Task prompt
Below are records with pictures; copy word for word only the lines between the line with "CELINE Clutch Bag" and the line with "Anonyme Designers Abito", inclusive, and drop the pictures.

Material supplied
*** Block opens ***

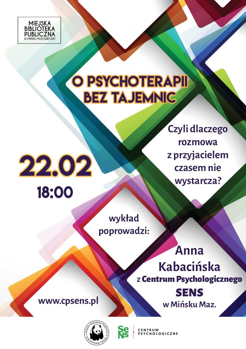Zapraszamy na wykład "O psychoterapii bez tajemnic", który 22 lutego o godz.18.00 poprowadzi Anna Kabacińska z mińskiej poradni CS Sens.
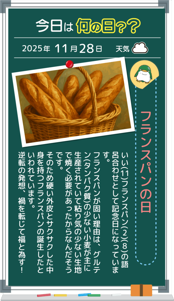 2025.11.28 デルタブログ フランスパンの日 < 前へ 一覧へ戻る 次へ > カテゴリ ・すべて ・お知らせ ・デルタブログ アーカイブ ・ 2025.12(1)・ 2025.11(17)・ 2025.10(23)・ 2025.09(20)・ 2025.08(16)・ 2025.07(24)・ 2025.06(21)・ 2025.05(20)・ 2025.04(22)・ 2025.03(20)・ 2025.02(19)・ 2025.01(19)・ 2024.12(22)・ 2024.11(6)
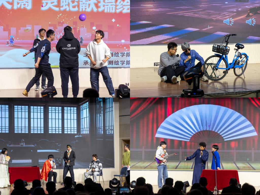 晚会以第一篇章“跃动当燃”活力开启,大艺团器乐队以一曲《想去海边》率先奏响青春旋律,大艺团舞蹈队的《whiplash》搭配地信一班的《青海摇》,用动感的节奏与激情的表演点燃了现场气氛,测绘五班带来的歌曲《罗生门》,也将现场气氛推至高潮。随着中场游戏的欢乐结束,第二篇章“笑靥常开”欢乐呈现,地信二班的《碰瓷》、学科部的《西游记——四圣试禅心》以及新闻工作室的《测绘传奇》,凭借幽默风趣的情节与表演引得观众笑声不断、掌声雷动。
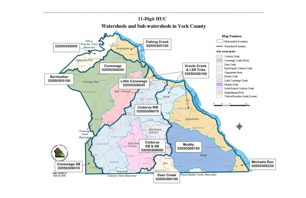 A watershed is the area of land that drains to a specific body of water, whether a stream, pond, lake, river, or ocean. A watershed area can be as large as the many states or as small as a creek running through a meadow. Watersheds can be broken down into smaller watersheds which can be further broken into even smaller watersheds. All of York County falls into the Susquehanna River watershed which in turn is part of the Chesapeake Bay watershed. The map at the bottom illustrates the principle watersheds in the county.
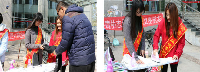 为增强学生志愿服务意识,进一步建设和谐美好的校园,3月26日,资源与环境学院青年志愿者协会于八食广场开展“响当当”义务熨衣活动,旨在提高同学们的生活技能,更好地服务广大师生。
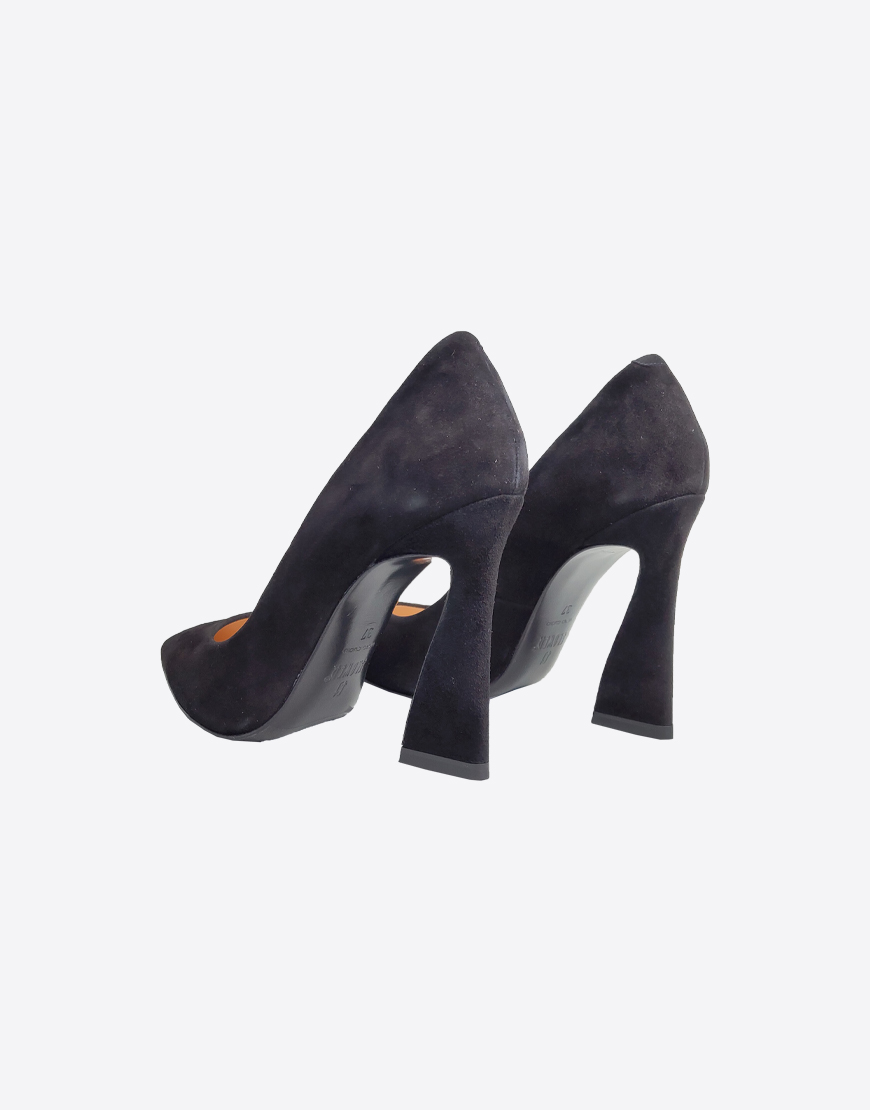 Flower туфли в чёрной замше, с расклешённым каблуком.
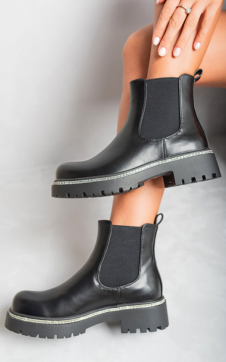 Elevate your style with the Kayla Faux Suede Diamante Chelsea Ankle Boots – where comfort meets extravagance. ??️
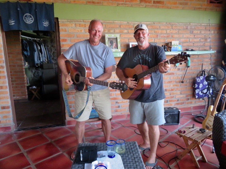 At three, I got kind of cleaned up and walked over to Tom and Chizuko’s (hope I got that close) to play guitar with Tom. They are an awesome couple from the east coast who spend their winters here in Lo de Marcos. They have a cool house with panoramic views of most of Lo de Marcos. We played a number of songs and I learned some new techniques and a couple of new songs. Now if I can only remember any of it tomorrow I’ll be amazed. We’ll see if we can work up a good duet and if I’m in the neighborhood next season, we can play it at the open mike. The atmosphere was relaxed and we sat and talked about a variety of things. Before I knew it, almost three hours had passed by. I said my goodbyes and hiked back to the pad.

*** Block closes ***
*** Block opens ***

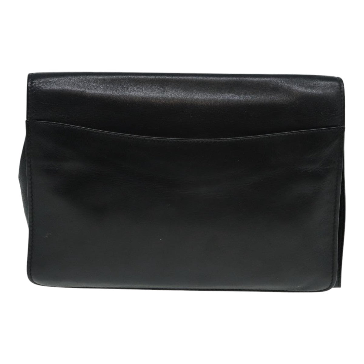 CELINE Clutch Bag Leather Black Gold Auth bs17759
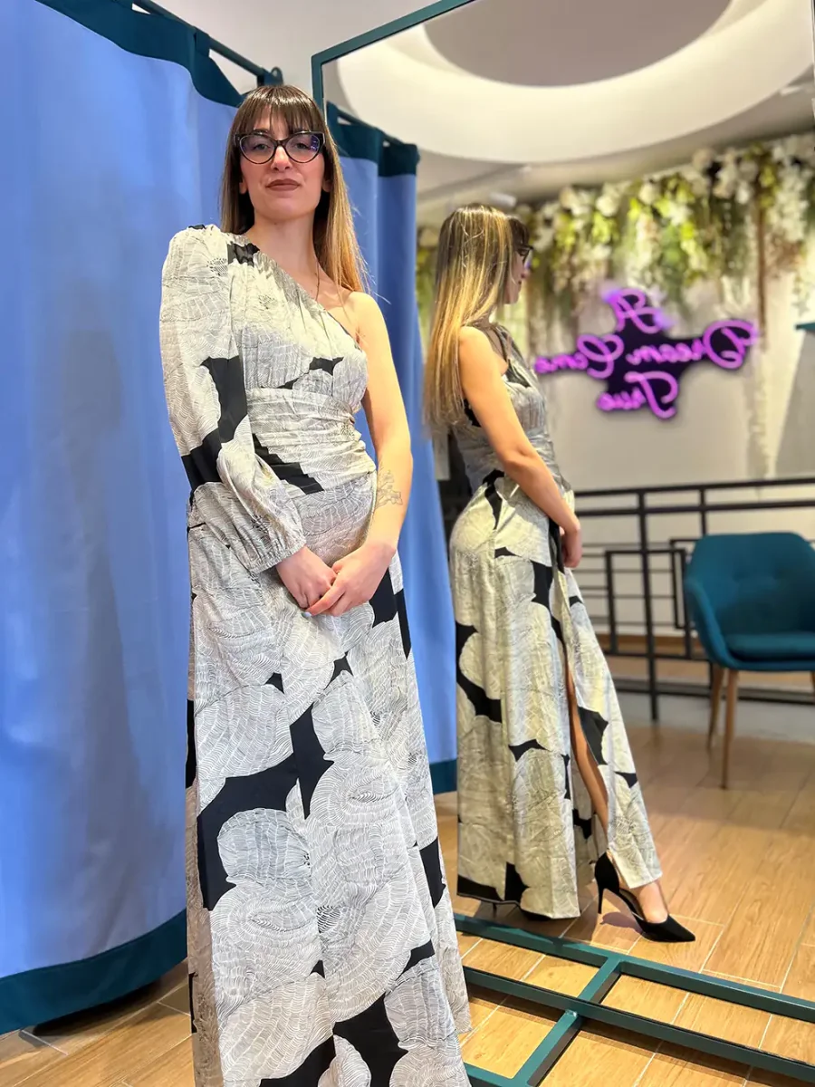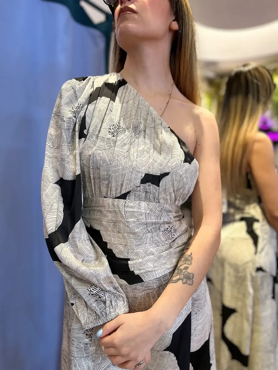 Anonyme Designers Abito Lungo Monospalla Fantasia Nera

*** Block closes ***
*** Block opens ***

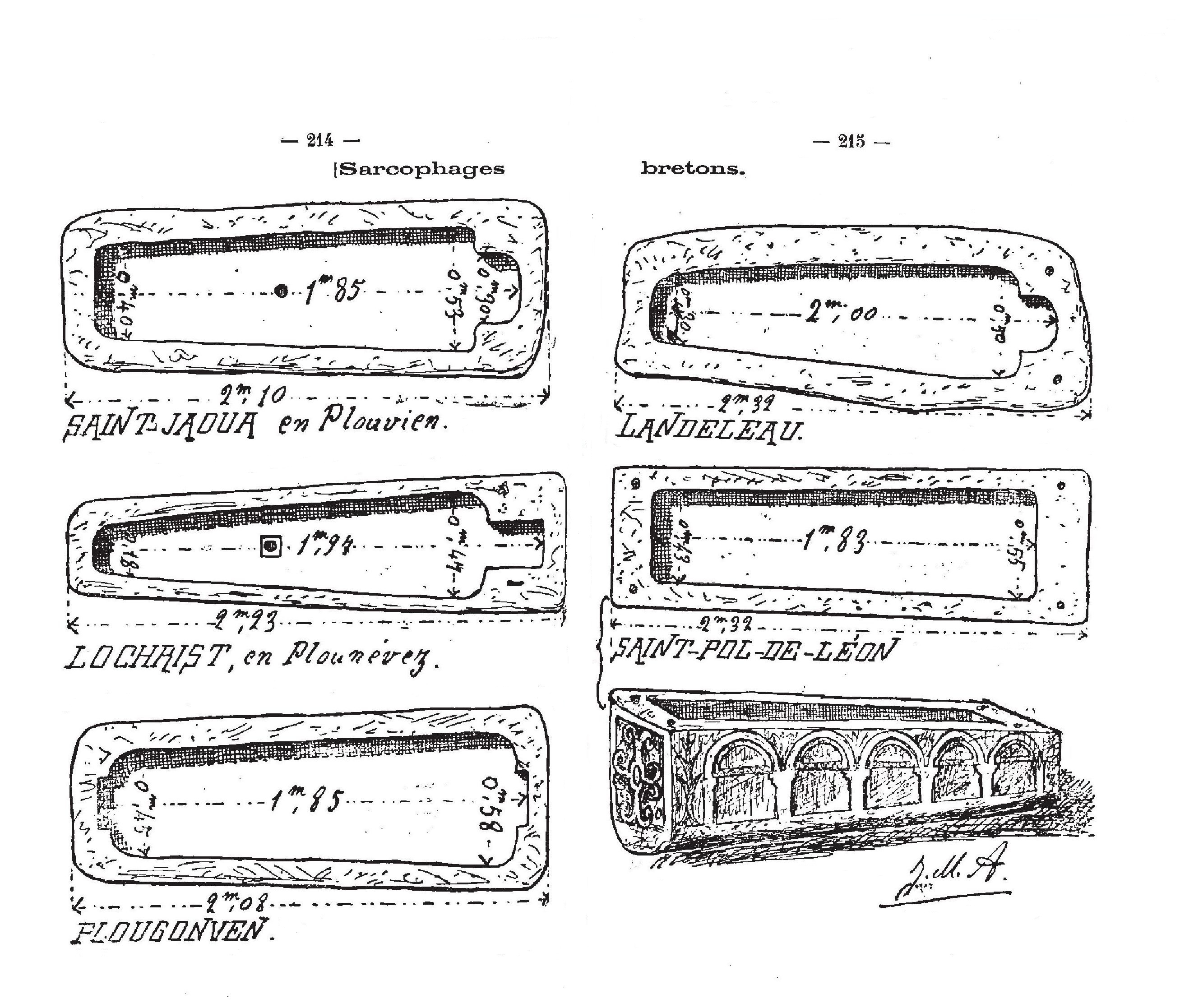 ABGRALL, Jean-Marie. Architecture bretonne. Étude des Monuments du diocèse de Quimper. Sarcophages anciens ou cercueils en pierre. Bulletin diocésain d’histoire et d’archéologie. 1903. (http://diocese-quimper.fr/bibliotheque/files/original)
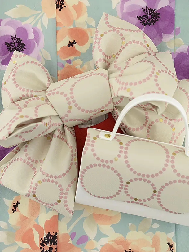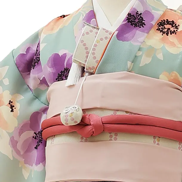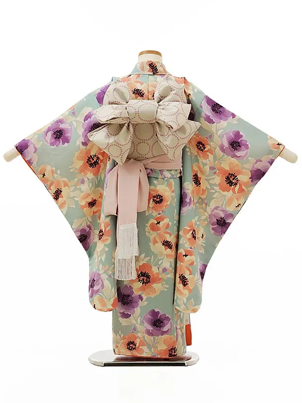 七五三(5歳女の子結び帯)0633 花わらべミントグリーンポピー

*** Block closes ***

Reply
 CELINE Clutch Bag Leather Black Gold Auth bs17759
 Anonyme Designers Abito Lungo Monospalla Fantasia Nera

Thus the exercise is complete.